Material provided:
__________

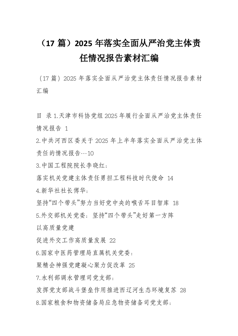 (17篇)2025年落实全面从严治党主体责任情况报告素材汇编
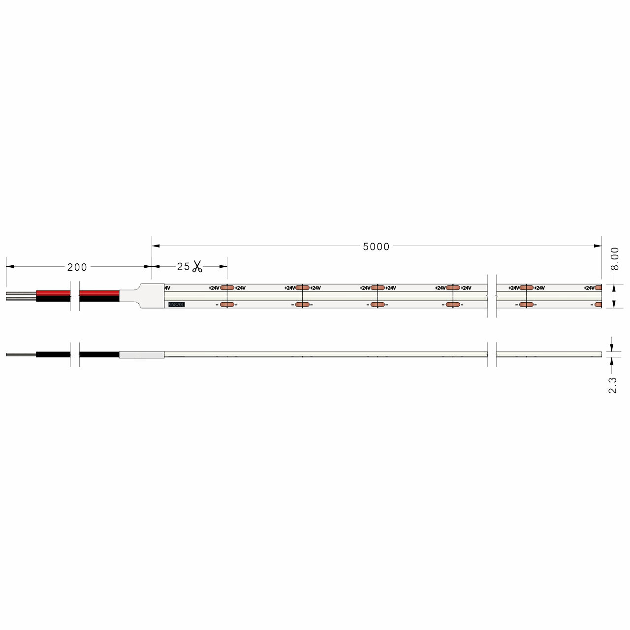 Ταινία LED Emphasis COB 4,8 Watt/m 24V CRI90 IP20 320 LED/m 624Lm/m 3000K 5m (8mm) CUBALUX – 2-CL770154
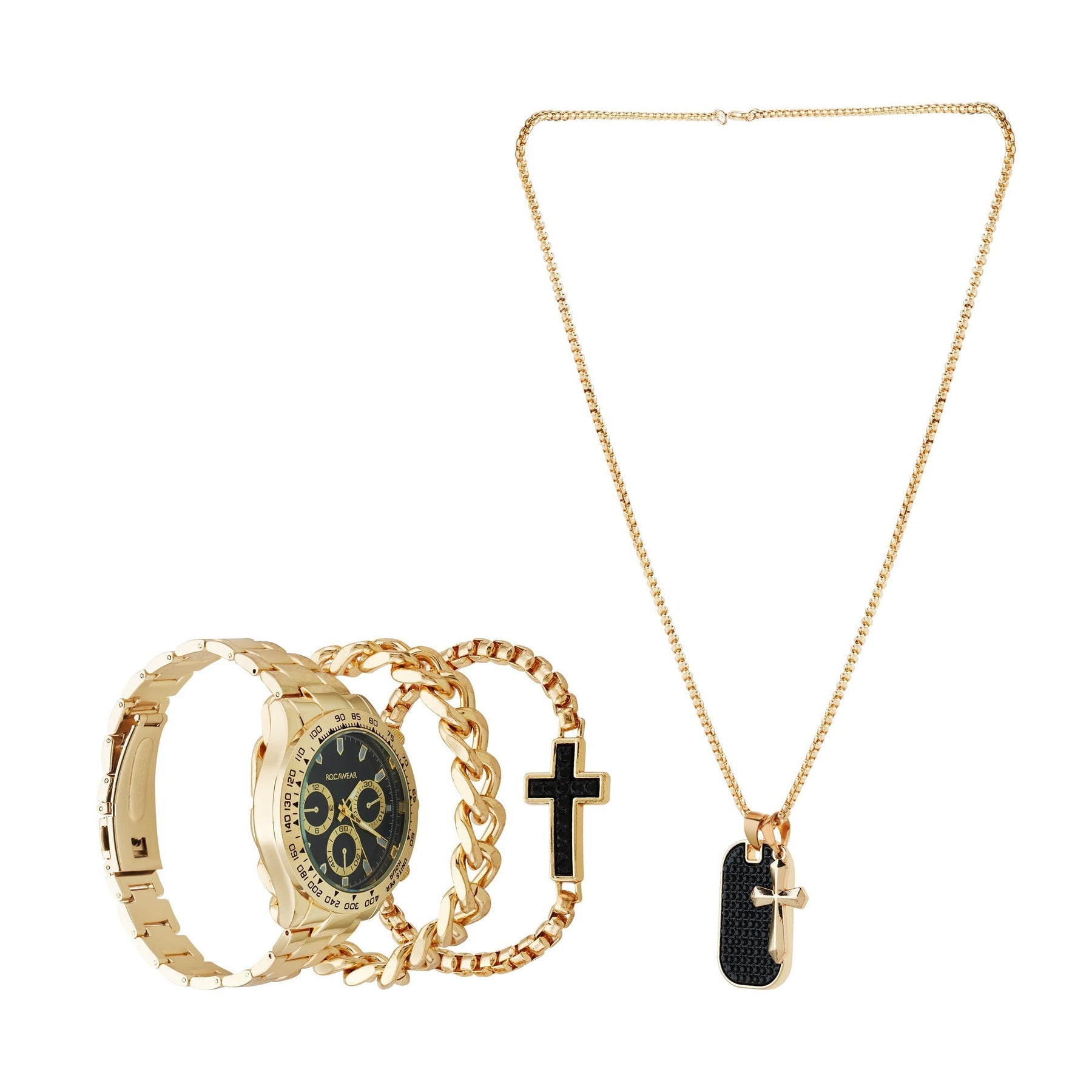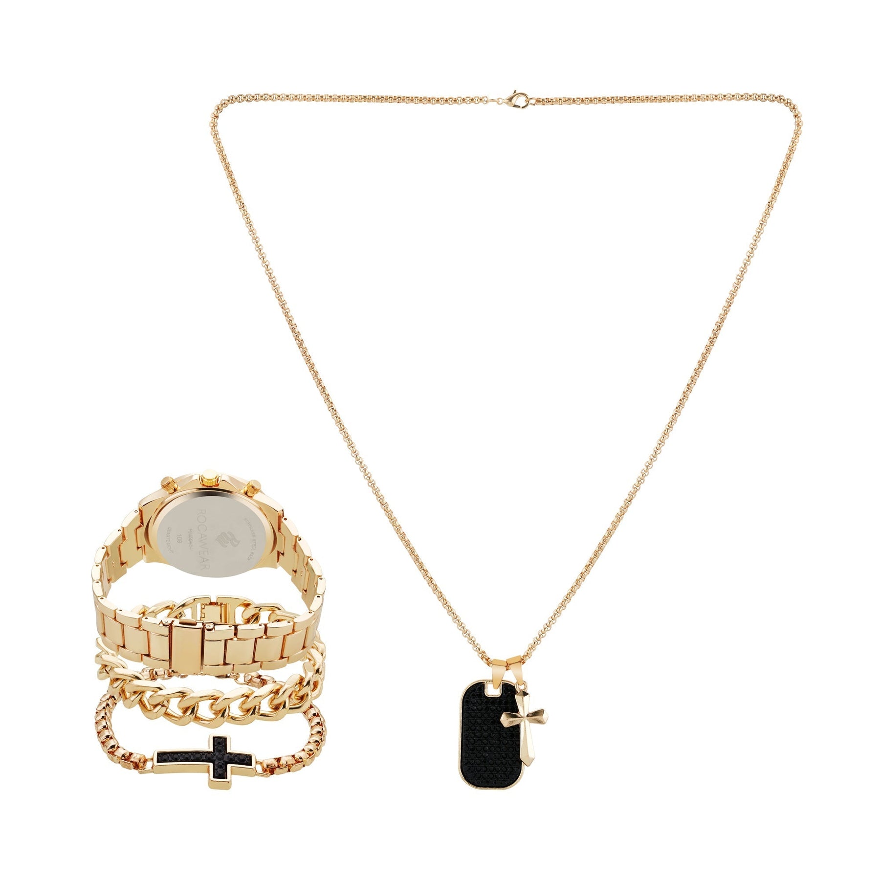 Built to stand up to the stresses of the great outdoors, this durable men’s watch makes great use of a powerfully built, metal case. Comes with matching necklace and bracelet set that are a great accessory to complement your casual outfits. Style 9657G-42-G27
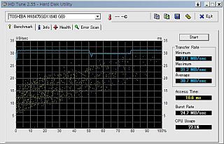 640GBの「データ転送速度」がディスクの内周も外周も変わらず、“かなり遅い!”しかも、“遅いまま!(27〜31MB/sec、平均30MB/sec)”と出た...はぁ?(左図)

__________

Problem to work on: Restate the material above word for word, so that nothing changes except that the pictures are gone.

Answer section:
 (17篇)2025年落实全面从严治党主体责任情况报告素材汇编
 Ταινία LED Emphasis COB 4,8 Watt/m 24V CRI90 IP20 320 LED/m 624Lm/m 3000K 5m (8mm) CUBALUX – 2-CL770154
 Built to stand up to the stresses of the great outdoors, this durable men’s watch makes great use of a powerfully built, metal case. Comes with matching necklace and bracelet set that are a great accessory to complement your casual outfits. Style 9657G-42-G27
 640GBの「データ転送速度」がディスクの内周も外周も変わらず、“かなり遅い!”しかも、“遅いまま!(27〜31MB/sec、平均30MB/sec)”と出た...はぁ?(左図)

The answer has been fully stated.